Cooking lobster tails

The next step is, of course, to prepare the lobster tails at home. It’s more than just throwing lobster in a pot of boiling water; in fact, there are many ways to prepare lobster tails, each of which provides a different taste and texture in the final result. Play around with each cooking method to find the one that you like best.


Boiling is the most common method of preparation, and probably the easiest. If you have frozen tails, the first step is to place them into a bath of cold water for about a half-hour so they completely thaw. Larger tails may need a longer period of time (and may need additional water).

You’ll know the tails are thawed when they feel somewhat flexible to the touch. At this point, you’ll also want to remove the dark colored line running along the tail, which is the digestive tract, and should be discarded. When ready, follow these next steps:

  1. Bring a large pot of water to boil. Next, add seasonings to the water—this step is optional, but if you want your meat to have more flavor, you might opt for minced garlic or garlic powder, or a pre-mixed seasoning packet.
  2. Gently drop the tails into the pot, one at a time.
  3. Allow the water to return to a boil and then reduce the heat to a simmer.
  4. Let the tails simmer for three to four minutes. You don’t want to overdo the cooking time, which could make the meat more tough and chewy than tender.
  5. Remove one of the tails from the pot of water, and inspect it to make sure it’s ready to eat. To do so, cut into the underside at the part where the meat is the thickest and look for totally white flesh with no gray color. If there is gray, return to the pot and let boil for another minute.
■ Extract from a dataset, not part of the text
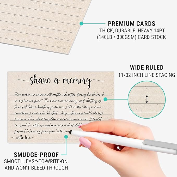 - Premium Card Stock: Thick, durable 14pt (140lb / 300gsm) card stock with a smooth, matte, easy-to-write-on finish. Heavy weight makes cards perfect for placement in a memory jar or book or on a memory board. Acid-free card stock won't yellow so your guests' memories and messages will stand the test of time.

Grilling has also become a very popular method of cooking lobster tails, allowing a more interesting taste while also making it possible to add more dense seasonings as the tails cook. Follow the instructions above for thawing frozen lobster tails, and then get grilling:

  1. Bring a pot of water to a soft boil. Then submerge the tails for just about a minute each to partly boil.
  2. Slide a metal skewer into each tail, lengthwise. This step is optional, but it will help keep the tail from curling while cooking.
  3. Cut through the shell along the middle, lengthwise. Pry open the shell and pour melted butter, lemon juice, and any other seasonings you like right onto the meat.
  4. Place tails cut side up onto the grill, which should be preheated to medium. Only leave on for about two to three minutes to avoid overcooking.
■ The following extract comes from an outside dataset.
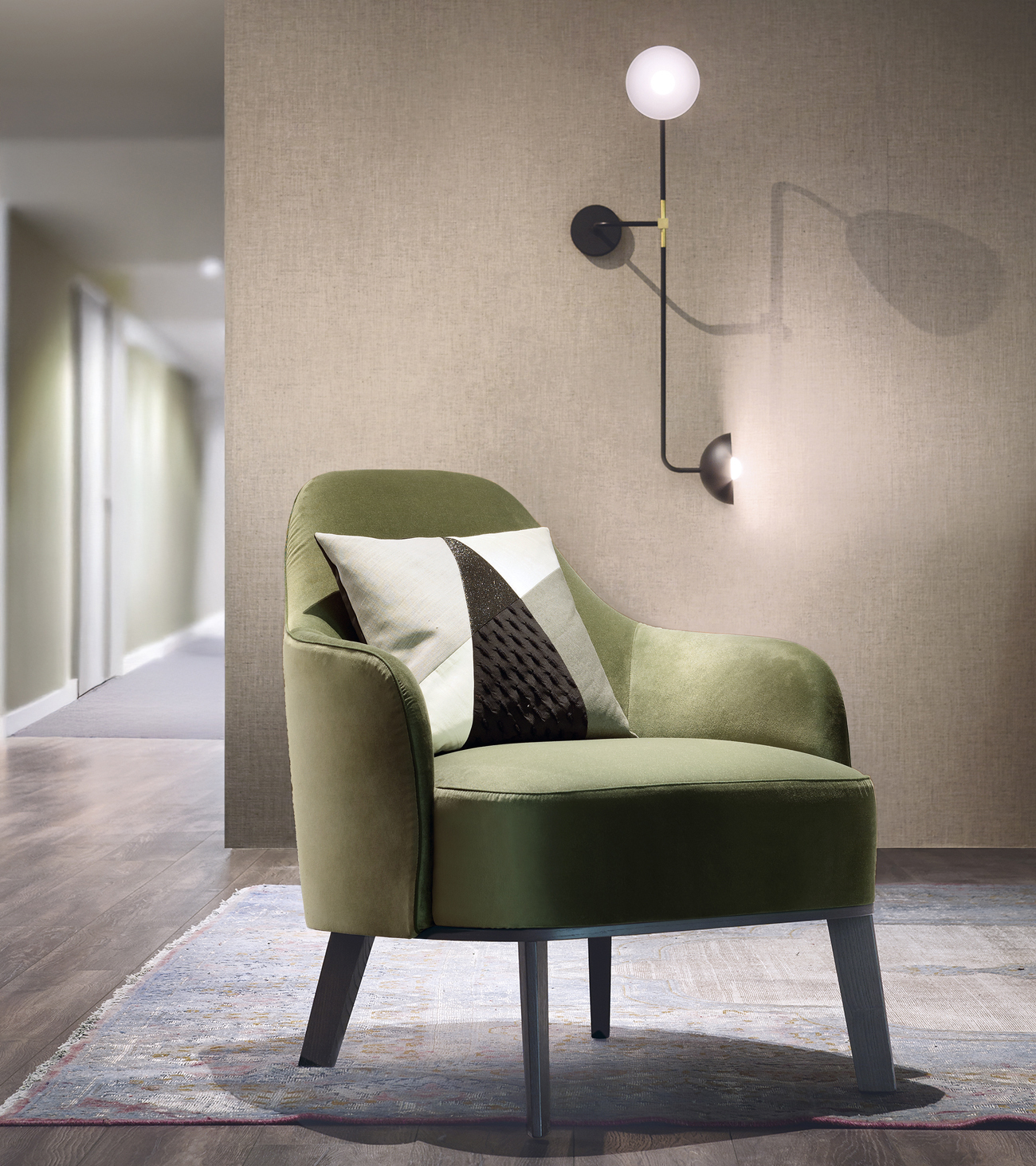 The Fantino armchair by LEMA, designed by Gordon Guillaumier, is inspired by the elegant shape of a horse saddle with a harmonious and refined design. The frame is crafted from birch plywood with solid heat-treated ash legs, bringing natural warmth to your interiors. Comfortable padding in variable-density polyurethane with a removable fabric cover or fixed leather upholstery, enhanced by grosgrain piped stitching. Compact dimensions: W 700 x D 830 x H 790 mm. Artisan quality Made in Italy with certified eco-friendly materials and a focus on environmental sustainability. The balance between tradition and modern comfort makes Fantino perfect for prestigious residential and contract settings.

Broiling is another option that makes it easy to enjoy lobster tails at home. Begin with the same thawing process used above, and then follow these steps:

  1. Cut the lobster shell lengthwise with a sharp knife or shears. Some of the meat may end up being cut by doing this, but that’s okay.
  2. Pry open the shell with your hands, starting at the base, and loosen the meat moving ever so slightly along the length of the tail. Then, lift the meat through the opening at top, leaving a portion still attached at the tail.
  3. Brush the meat with butter and add desired seasonings, then broil for four minutes.
  4. After four minutes, remove the tail, again baste with butter and seasonings, and then broil for another three minutes.

The all-important side dishes to pair with lobster tails

As with any other kind of meat-based dishes, sides matter. Here are tasty options to pair with lobster tails that can be as healthy as they are delicious.

Parsnip-Apple Puree

Most steakhouses pair their thick cuts and fresh seafood with a side of potatoes. But if you’re trying to be healthy, you can get the same effect with this recipe that whips up parsnips and green apples with coconut milk, ghee, and a mix of flavorful seasonings.

Grilled Romaine Salad with Avocado Lime Dressing

While you have the grill fired up after searing your lobster, cook your salad as well. Yes, romaine lettuce tastes great when charred—allowing the outer leaves to soften while the base remains crunchy. Prepare an avocado-lime dressing to go with it, and top with boiled eggs and parmesan cheese.

Roasted Broccolini with Nori Salt

A side of broccoli is another chophouse staple. This recipe uses its more slim and mild cousin, broccolini, prepared Japanese style with nori, coconut aminos, and sesame oil.